The professional pleasure craft market is currently down 20 percent in comparison with 2015, with the timid signs of recovery seen last year mostly evaporating over the first seven months of 2016.
By A. Tsiblakis
The professional pleasure craft market is currently down 20 percent in comparison with 2015, with the timid signs of recovery seen last year mostly evaporating over the first seven months of 2016.
The sector includes speedboats, sailboats and catamarans.
According to Antonis Stelliatos, the president of the Hellenic Professional Yacht Owners Association, the reasons his group attributes for yet another negative year are the refugee/migrant crisis over the past year and a half, recent instability in Turkey, as well as the fact that an electronic registry for such marine craft has not operated in the three years since it was legislated. The latter, Stelliatos said, continues to make it difficult to combat bootleg leasing of pleasure craft.
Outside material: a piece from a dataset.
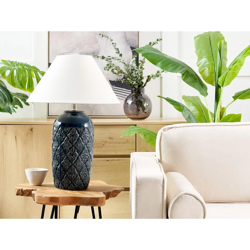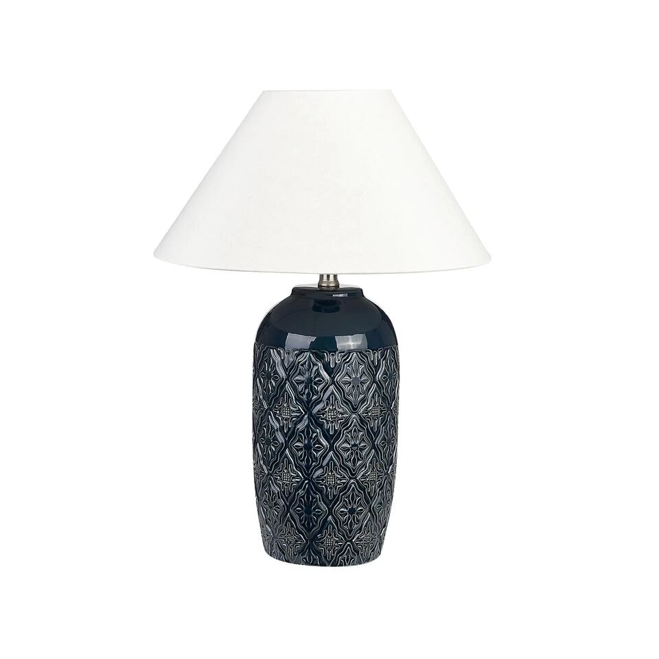 Stijlvolle tafellamp met siervoet. Maak de inrichting van je woon- of slaapkamer compleet met deze functionele, maar ook uiterst decoratieve lamp. De keramische basis is zeer stabiel en het patroon dat zichtbaar is op het oppervlak geeft het stuk een uniek karakter. De contrasterende kegelvormige lampenkap is gemaakt van linnen, wat garant staat voor een subtiel en aangenaam licht dat het lezen in de avond zeker aangenamer zal maken.
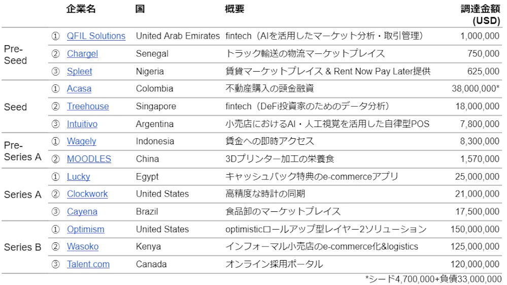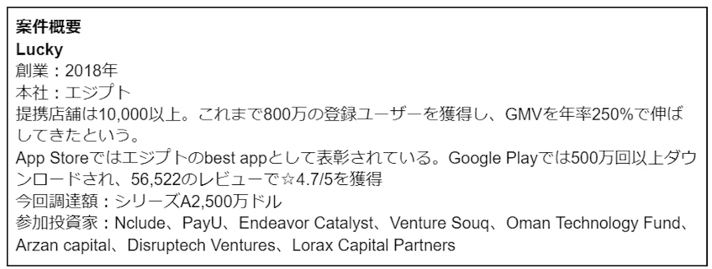 シリーズAで調達額が大きかったのは、エジプトのLuckyです。Luckyに加盟する店舗はLuckyのアプリ上で割引オファーやキャッシュバックを提供し、顧客のエンゲージを高めることができます。また、消費者はBNPLや分割払い等の決済を選択することが可能です。こちらはNcludeからの資金調達に成功していますが、このNcludeは、UAEを本拠とするMENA地域の現地VCであるGlobal Venturesおよびエジプトの大手銀行(Banque Misr、National Bank of Egypt、Banque du Caire)が組成したばかりのファンドとなり、同時にファイナンシャルスーパーアプリのKhazna、アグリフィンテックのMozare3、オンライン決済サービスのPaymobにも投資したことを明らかにしています。

The refugee/migrant crisis that plagued Greece merely substituted destinations in the northern Aegean and the Dodecanese islands for other sea regions, such as the Ionian Sea, west of mainland Greece, as well as Montenegro and even Croatia, Stelliatos said. He added that the increase in the Ionian’s popularity served as a “silver lining” for the sector.
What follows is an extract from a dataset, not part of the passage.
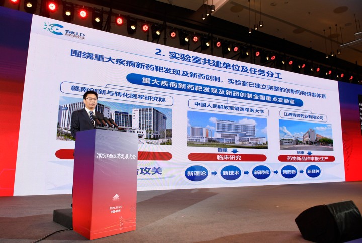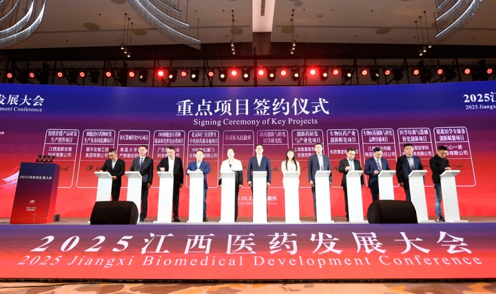 開幕式上舉行多項議程,不僅介紹了江西生物醫藥產業優勢,深度解讀了生物醫藥領域創新趨勢,進行了江西省生物醫藥產業推介,還正式發布了“2025重大疾病新藥靶發現及新藥創制全國重點實驗室建設進展報告”,同時一批生物醫藥重點項目完成集中簽約。
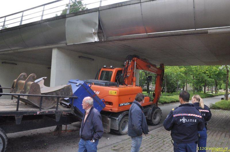 Op de Asingastraat in Groningen reed maandagmiddag een 21-jarige bestuurder uit Woltersum met een graafmachine

He also pointed to what he claimed was “unfair competition” from illegally chartered vessels on third country registries.
Stelliatos said he attended an event focused on maritime tourism two weeks ago on the iconic northern Dodecanese island of Patmos, where he noted that “in the island’s harbor and gulf there were anchored vessels flying Turkish or US flags; there wasn’t even one vessel with a European flag.”